Deed from the Five Nations to the King, of their Beaver Hunting Ground, more commonly known as the Nanfan Treaty, was an agreement made between the representatives of the Iroquois Confederacy with John Nanfan, the acting colonial governor of New York, on behalf of The Crown. The treaty was conducted in Albany, New York, on July 19, 1701, and amended by both parties on September 14, 1726.

The Five Nations (which became the 'Six Nations' after 1720) granted "after mature deliberation out of a deep sense of the many Royal favours extended to us by the present great Monarch of England King William the Third" the title to a vast area of land, covering significant portions of the present-day Midwestern United States and southern Ontario that they had claimed as a hunting ground, as far west as 'Quadoge' (now Chicago), by right of conquest during the later Beaver Wars of the 17th century.

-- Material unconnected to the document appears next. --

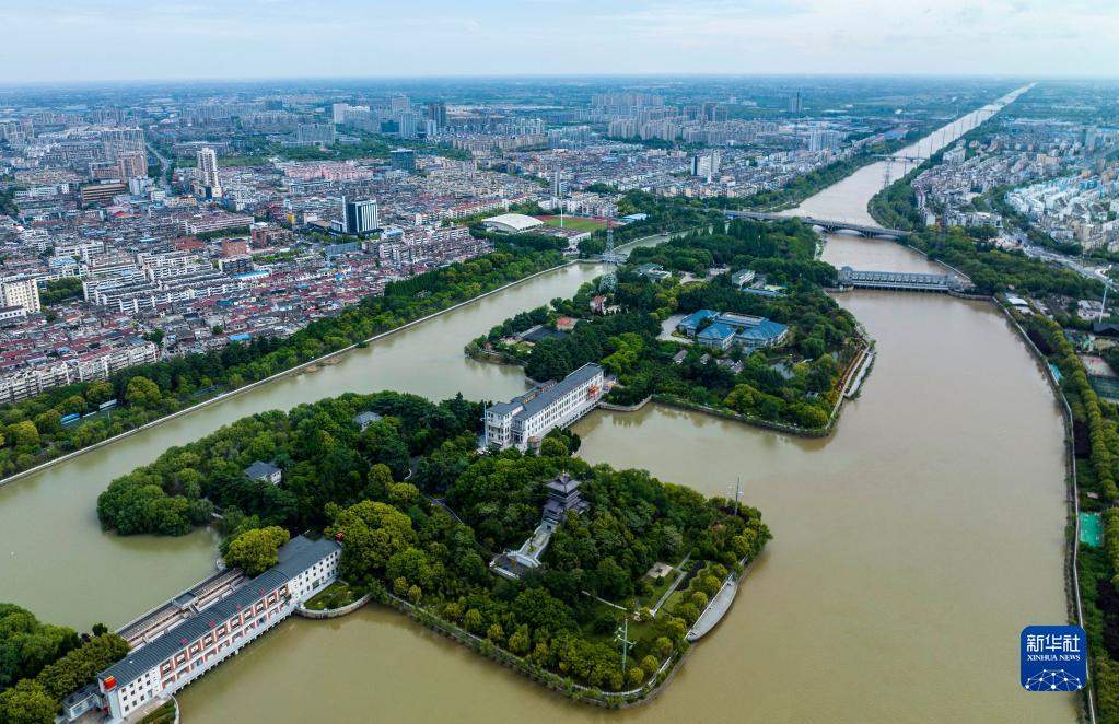 5月7日在江蘇省揚州市拍攝的江都水利樞紐(無(wú)人機照片)。

As the vast majority of the Beaver Hunting Grounds described in the Nanfan Treaty were also claimed by New France or its Algonquian Indian allies, the French did not recognize the treaty (it did recognize Iroquois suzerainty to the British crown in the 1713 Treaty of Utrecht) and the English made no real attempt to settle these parts for the time being. In the amended agreement 25 years later, the strip of land 60 miles wide adjoining Lakes Erie and Ontario, starting at Sandusky Creek, was reserved for continued Six Nations occupation and use, with the permission of its owner under the 1701 agreement, the King of Great Britain.

A copy of the treaty, containing the totem images of more than a dozen Iroquois chiefs, is part of the collections of the British National Archives.

See also
 Ohio Country
 Beaver Wars

References

Other sources
"Deed from the Five Nations to the King, of their Beaver Hunting Ground," in A Century of Lawmaking for a New Nation: U.S. Congressional Documents and Debates, 1774–1875
 - a copy of the Nanfan Treaty

Iroquois
Treaties of indigenous peoples of North America
Treaties of the Kingdom of Great Britain
1701 treaties
1701 in New France
1701 in the Thirteen Colonies
Native American history of Illinois
Native American history of Indiana
Native American history of Michigan
Native American history of New York (state)
Native American history of Ohio
Native American history of Pennsylvania
First Nations history in Ontario
First Nations history in Quebec
Louisiana (New France)
Northwest Territory
History of the Midwestern United States
Collection of The National Archives (United Kingdom)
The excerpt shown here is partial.